Go to the designated corner of the room for those who have made the same choice as you have. Once there, form new "research groups" of four. You will be working together for the next 40 minutes and then reporting your findings back to your "home group." Take careful notes so you can be effective in communicating to your "home group" the central core of ideas proposed by your philosopher or philosophical school.
Part I (For the "research group" - 40 minutes)
Discuss and try to agree on answers to the following question as it pertains to "your philosopher." (We will employ the term "your philosopher" for convenience even when referring to the philosophical schools of atomism or pythagoreanism.) Take careful written notes of your group's answers.
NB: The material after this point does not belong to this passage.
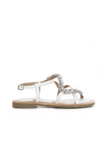 Asymmetrical leather sandals with jewel accessory and low heel.
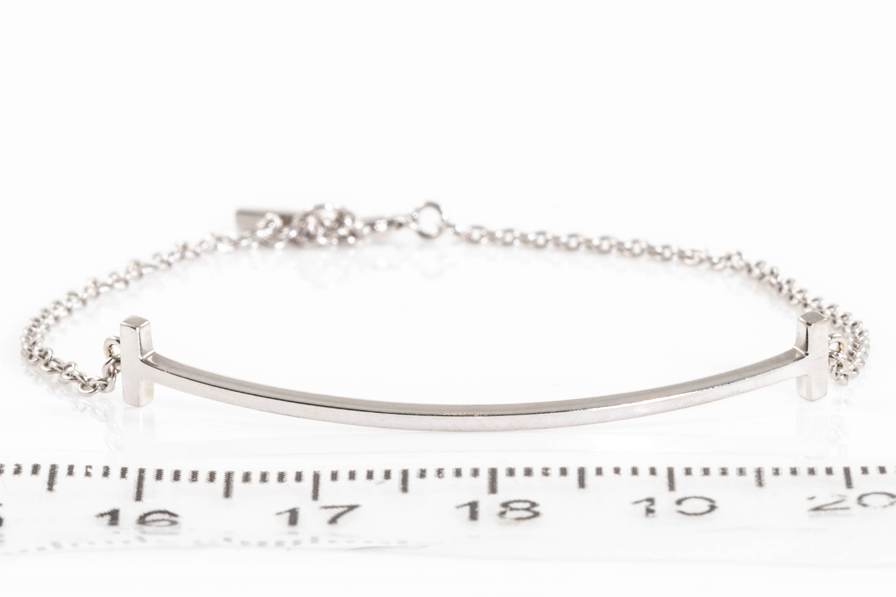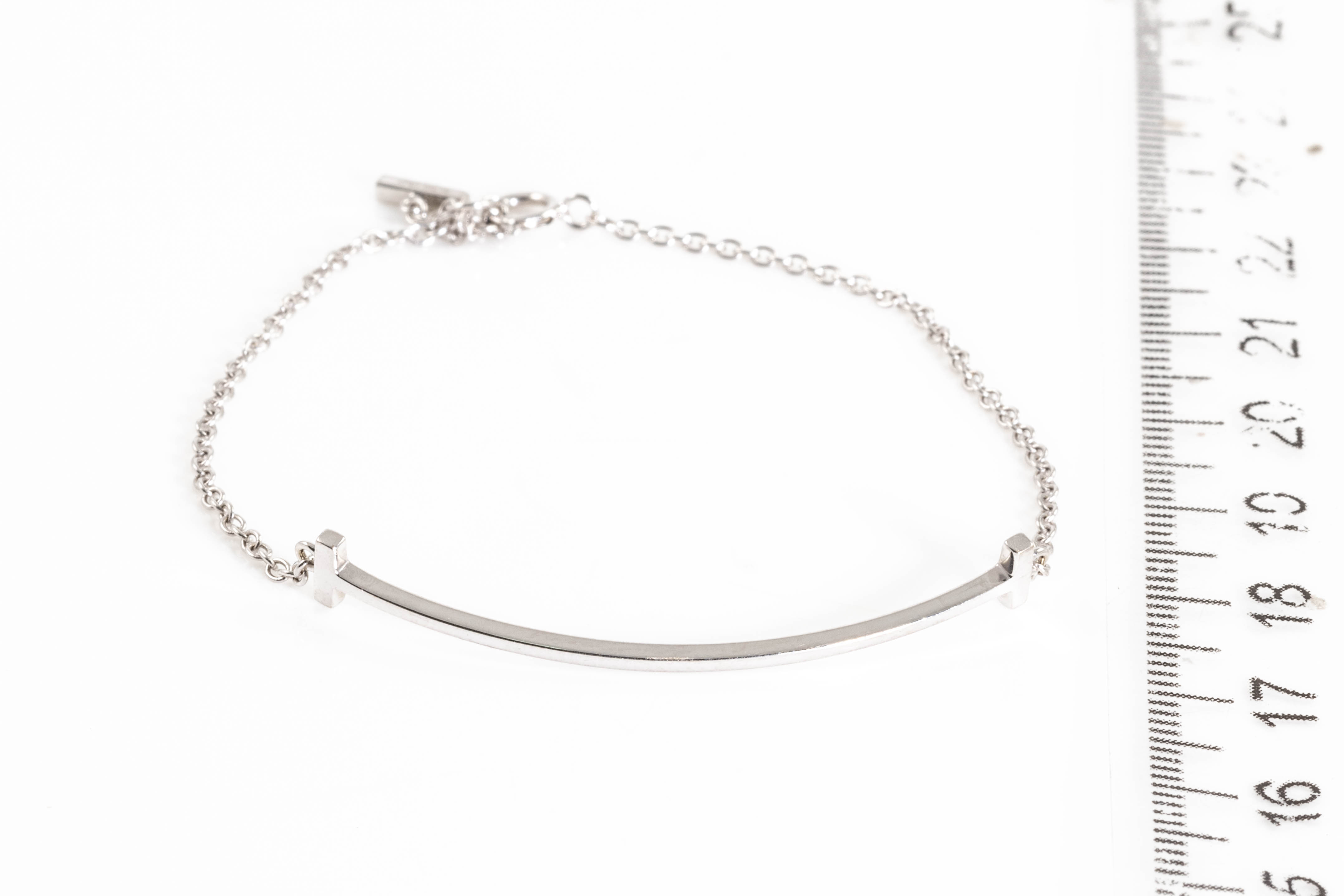 Tiffany & Co. T Smile bracelet. 18ct white gold. Adjustable maximum length: 18cm. Weight: 2.5g. With Tiffany & Co box. (Pre-owned)

Record any significant dissenting opinions where consensus cannot be reached.
1. (10 mins.) Two weeks ago, we ended our study of the Presocratics with a challenging intellectual problem. This problem arose from the encounter or clash between the insights of the Eleatic School (Parmenides and his students) and those of Heraclitus. We cannot proceed today until we re-construct and re-appreciate this intellectual problem.
Go back to your notes from Workshop II on the Presocratics and agree on a formulation of the intellectual problem. Your formulation should have something to say about the following: Being, non-being, motion, one-ness, plurality, change, appearances, reality, reason, and sense perception.
2. (10 mins.) Review your reading notes on the portion of this week's assignment from Wheelwright that deals with your philosopher, and make a list of the main ideas, key propositions, and central assumptions of your philosopher. This list should serve as a concise summary of his philosophical position. Add anything that is needed to round out your summary.
3. (10 mins.) Assume that your philosopher has formulated a philosophical position that resolves the intellectual problem which you described in question 1 above. How does the position you have summarized in question 2 resolve the problem you have described in question 1?
4. (10 mins.) What account would your philosopher give of the burning candle we observed in Workshop I?
(OVER)
RETURN TO YOUR "HOME GROUP" FOR PART II
Part II (for the "home group" - 55 minutes)
A. (30 minutes) Each person in turn should communicate to the rest of the group the answers of your "research group" to the four questions in Part I. When you are done, the other members should pose clarifying questions, and the person reporting should attempt to answer these. The goal is to bring the group "up to speed" on all four of the philosophers. Each person has 7-8 minutes.
B. (25 minutes) As a group, discuss and try to agree on answers to the following questions. Take notes on your answers, and have one person keep an eye on the time so that you proceed through them at the appropriate speed. You have 25 minutes to answer them all.
1. If you were a citizen of Fifth Century Greece, which of the four philosophical positions would consider the best?
2. When you answered question 1, what criteria were you using for "best"?
3. a. By the time of the Presocratics, the Greeks had begun to discover that reason was a powerful tool for acquiring knowledge. Parmenides may be thought of as "going all the way" with reason. But then he is left with the problem of how to "save the appearances." What is meant by the phrase "save the appearances"?
b. Someone with the sensibility of a Heraclitus who had been exposed to Zeno's paradoxes of motion might well have concluded that it was not the appearances that needed to be saved at all, but rather that it was reason that needed to be saved? What does the phrase "saving reason" mean in this context?
c. Of the four philosophical positions you are examining this week, which does the best of saving the appearances?
d. Which does the best of saving reason?
e. Which does the best of striking a balance between saving the appearances and saving reason?
4. How would modern science, roughly speaking, explain the phenomenon of the burning candle?
5. Where on the spectrum between saving reason and saving the appearances would you place the approach of modern science?
6. How different or how similar are the approach of modern science and the approach of the Presocratics to understanding the physical universe?
Part III (15 minutes): Reconvene at 11:45 for class discussion.